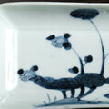 濃く暗めの色味の呉須での粋な草花の絵付けで
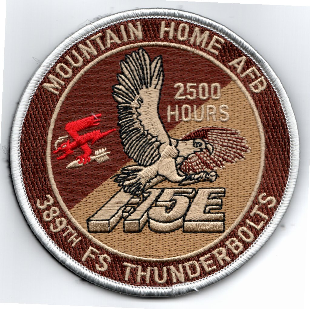 (Another AV8RSTUFF Creation): The 389th Fighter Squadron (389 FS) is part of the 366th Fighter Wing at Mountain Home Air Force Base, Idaho operating F-15E Strike Eagle aircraft conducting close air support (CAS) missions. The 389th flew combat in the European Theater of Operations from, 14 March 1943 Ð 3 May 1945 and in Southeast Asia from, 14 March 1966 Ð 8 October 1971. This is the 4″ desert version of their 2500 HOURS F-15E Aircraft ‘TINSEL’ patch and does come with velcro attached.
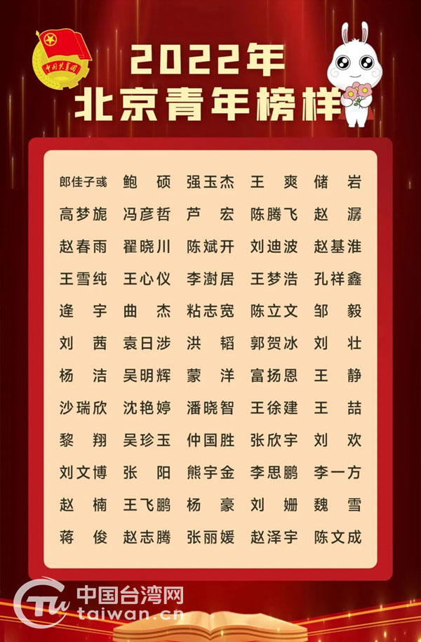 2022年北京青年榜樣名單(圖片來源:北京市臺辦)

*Task to complete*. The result should be the same data as above, line for line, with the pictures gone.

*Expected output*.
 濃く暗めの色味の呉須での粋な草花の絵付けで
 (Another AV8RSTUFF Creation): The 389th Fighter Squadron (389 FS) is part of the 366th Fighter Wing at Mountain Home Air Force Base, Idaho operating F-15E Strike Eagle aircraft conducting close air support (CAS) missions. The 389th flew combat in the European Theater of Operations from, 14 March 1943 Ð 3 May 1945 and in Southeast Asia from, 14 March 1966 Ð 8 October 1971. This is the 4″ desert version of their 2500 HOURS F-15E Aircraft ‘TINSEL’ patch and does come with velcro attached.
 2022年北京青年榜樣名單(圖片來源:北京市臺辦)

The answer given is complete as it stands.